The latest book price (before update): 100.00
The latest book price (after update): 150.00
The latest book price (maybe stale): 100.00
WARN: cannot set read timestamp to a future time.
WARN: GC life time is shorter than transaction duration.
Transaction level
With the START TRANSACTION READ ONLY AS OF TIMESTAMP
statement, you can start a read-only transaction based on historical time, which reads historical data from a specified historical timestamp.
- SQL
- Java
For example:
START TRANSACTION READ ONLY AS OF TIMESTAMP NOW() - INTERVAL 5 SECOND;
By querying the latest price of the book, you can see that the price of The Story of Droolius Caesar is still 100.0, which is the value before the update.
SELECT id, title, type, price FROM books ORDER BY published_at DESC LIMIT 5;
The result is as follows:
+------------+------------------------------+-----------------------+--------+
| id | title | type | price |
+------------+------------------------------+-----------------------+--------+
| 3181093216 | The Story of Droolius Caesar | Novel | 100.00 |
| 1064253862 | Collin Rolfson | Education & Reference | 92.85 |
| 1748583991 | The Documentary of cat | Magazine | 159.75 |
| 893930596 | Myrl Hills | Education & Reference | 356.85 |
| 3062833277 | Keven Wyman | Life | 477.91 |
+------------+------------------------------+-----------------------+--------+
5 rows in set (0.01 sec)
After the transaction with the COMMIT;
statement is committed, you can read the latest data.
+------------+------------------------------+-----------------------+--------+
| id | title | type | price |
+------------+------------------------------+-----------------------+--------+
| 3181093216 | The Story of Droolius Caesar | Novel | 150.00 |
| 1064253862 | Collin Rolfson | Education & Reference | 92.85 |
| 1748583991 | The Documentary of cat | Magazine | 159.75 |
| 893930596 | Myrl Hills | Education & Reference | 356.85 |
| 3062833277 | Keven Wyman | Life | 477.91 |
+------------+------------------------------+-----------------------+--------+
5 rows in set (0.01 sec)
You can define a helper class for transactions, which encapsulates the command to enable Stale Read at the transaction level as a helper method.

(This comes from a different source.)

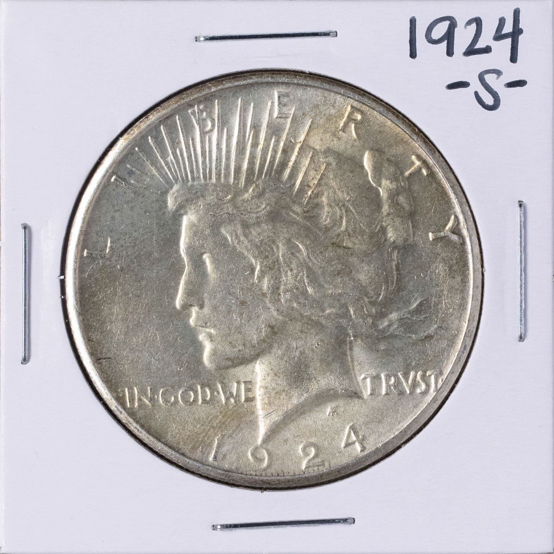 One 1924-S $1 Peace Silver Dollar Coin.
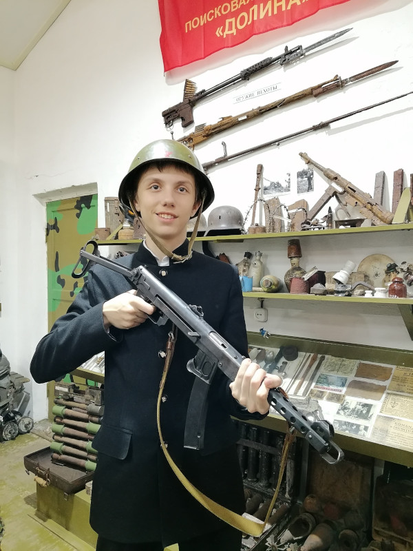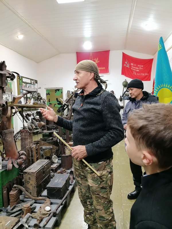 Экскурсию проводил основатель клуба Александр Анатольевич. Ребятам разрешили надеть на себя каски и автоматы. Прикоснуться к орудиям и боеприпасам. Также, учащиеся осмотрели спортивный зал клуба, где установлены снаряжения для ребят военно-спортивного клуба.

public static class StaleReadHelper {
public static void startTxnWithStaleRead(Connection conn, Integer seconds) throws SQLException {
conn.setAutoCommit(false);
PreparedStatement stmt = conn.prepareStatement(
"START TRANSACTION READ ONLY AS OF TIMESTAMP NOW() - INTERVAL ? SECOND;"
);
stmt.setInt(1, seconds);
stmt.execute();
}
}
Then define a method to enable the Stale Read feature through a transaction in the BookDAO
class. Use the method to query instead of adding AS OF TIMESTAMP
to the query statement.
public class BookDAO {
// Omit some code...
public List<Book> getTop5LatestBooksWithTxnStaleRead(Integer seconds) throws SQLException {
List<Book> books = new ArrayList<>();
try (Connection conn = ds.getConnection()) {
// Start a read only transaction.
TxnHelper.startTxnWithStaleRead(conn, seconds);
Statement stmt = conn.createStatement();
ResultSet rs = stmt.executeQuery("""
SELECT id, title, type, price FROM books ORDER BY published_at DESC LIMIT 5;
""");
while (rs.next()) {
Book book = new Book();
book.setId(rs.getLong("id"));
book.setTitle(rs.getString("title"));
book.setType(rs.getString("type"));
book.setPrice(rs.getDouble("price"));
books.add(book);
}
// Commit transaction.
conn.commit();
} catch (SQLException e) {
if ("HY000".equals(e.getSQLState()) && e.getErrorCode() == 1105) {
System.out.println("WARN: cannot set read timestamp to a future time.");
} else if ("HY000".equals(e.getSQLState()) && e.getErrorCode() == 9006) {
System.out.println("WARN: GC life time is shorter than transaction duration.");
} else {
throw e;
}
}
return books;
}
}
List<Book> top5LatestBooks = bookDAO.getTop5LatestBooks();
if (top5LatestBooks.size() > 0) {
System.out.println("The latest book price (before update): " + top5LatestBooks.get(0).getPrice());
Book book = top5LatestBooks.get(0);
bookDAO.updateBookPriceByID(book.getId(), book.price + 10);
top5LatestBooks = bookDAO.getTop5LatestBooks();
System.out.println("The latest book price (after update): " + top5LatestBooks.get(0).getPrice());
// Use the stale read.
top5LatestBooks = bookDAO.getTop5LatestBooksWithTxnStaleRead(5);
System.out.println("The latest book price (maybe stale): " + top5LatestBooks.get(0).getPrice());
// After the stale read transaction is committed.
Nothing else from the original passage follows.